Response to Comment 1:
The Company acknowledges the Staff’s comment and has amended its Annual Report on Form 10-K for the year ended December 31, 2011 in order to revise the identified language included in Note (6) to its consolidated financial statements for the fiscal years ended December 31, 2011, December 25, 2010 and December 26, 2009 to read as follows:
During the fourth quarter of 2011, management concluded that indicators of potential impairment were present related to our investment in BR Korea based on continued declines in the operating performance and future projections of the Korea Dunkin’ Donuts business. Accordingly, the Company engaged an independent third-party valuation specialist to assist the Company in determining the fair value of our investment in BR Korea. The valuation was completed using a combination of discounted cash flow and income approaches to valuation. Based in part on the fair value determined by the independent third-party valuation specialist, the Company determined that the carrying value of the investment in BR Korea exceeded fair value by $19.8 million, and as such the Company recorded an impairment charge in that amount in the fourth quarter of 2011. The impairment charge was allocated to the underlying goodwill, intangible assets, and long-lived assets of BR Korea, and therefore resulted in a reduction in depreciation and amortization, net of tax, of $1.0 million, in fiscal year 2011, which is recorded within equity in net income (loss) of joint ventures in the consolidated statements of operations.
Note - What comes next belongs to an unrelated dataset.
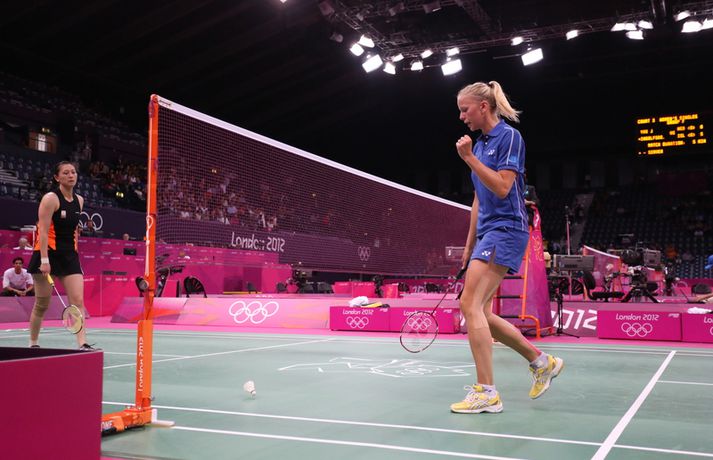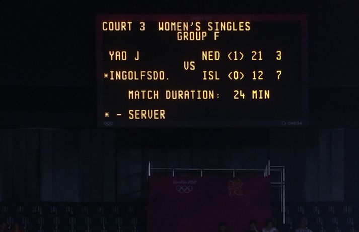 Badmintonkonan Ragna Ingólfsdóttir hefur lagt spaðann á hilluna. Þetta tilkynnti hún blaðamönnum að loknu tapi gegn Jie Yao á Ólympíuleikunum í London í kvöld. „Nú er ég búin að leggja spaðann á hilluna. Ég er mjög sátt við ferilinn og þessa Ólympíuleika. Þetta var síðasti leikurinn minn," sagði Ragna í samtali við Eirík Stefán Ásgeirsson, blaðamann Fréttablaðsins og Vísis, í London. Leikurinn í kvöld var æsispennandi og þurfti að framlengja aðra lotu þar sem jafnt var á öllum tölum. Sú hollenska hafði þó betur að lokum og tryggði sér sæti í 16 manna úrslitum badmintonkeppninnar. Valgarður Gíslason, ljósmyndari Fréttablaðsins og Vísis, fylgdist grannt með gangi mála og náði þessum myndum.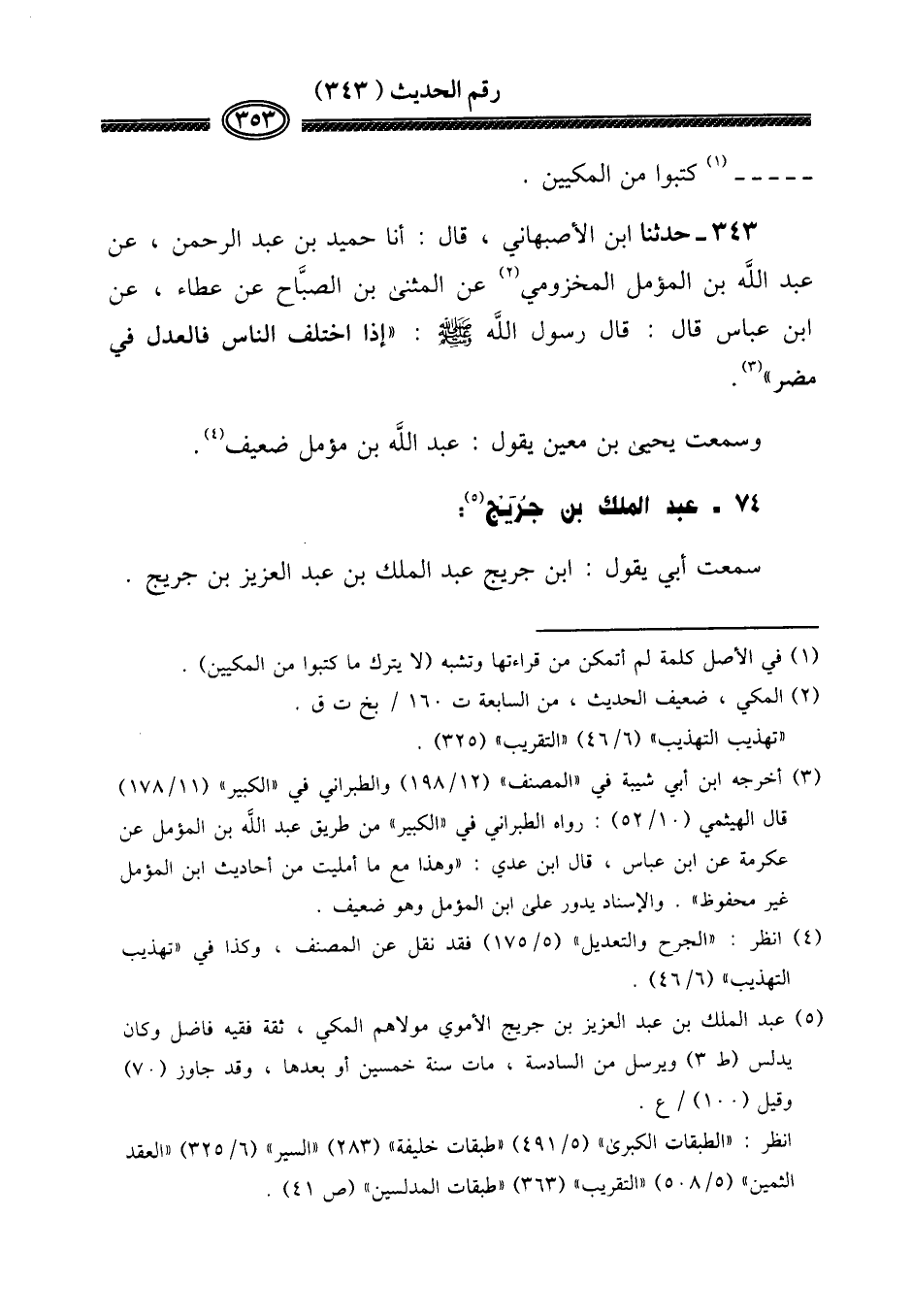 343 - حَدثنَا ابْن الْأَصْبَهَانِيّ، قَالَ: أَنا حميد بن عبد الرَّحْمَن، عَن عبد الله بن المؤمل المَخْزُومِي عَن الْمثنى بن الصبَّاح عَن عَطاء، عَن ابْن عَبَّاس قَالَ: قَالَ رَسُول الله صلى الله عَلَيْهِ وَسلم: " إِذا اخْتلف النَّاس فالعدل فِي مُضر "

The Company supplementally advises the Staff that it has considered whether the amendment to its Annual Report on Form 10-K for the year ended December 31, 2011 referred to above necessitates the filing by the Company of a Current Report on Form 8-K under Item 4.02 thereof or whether such amendment has affected the Company’s conclusion regarding the effectiveness of its disclosure controls and procedures as reported in its Annual Report on Form 10-K and has determined that no such Current Report on Form 8-K and no change in the Company’s conclusion regarding its disclosure controls and procedures is required as a result of the amendment.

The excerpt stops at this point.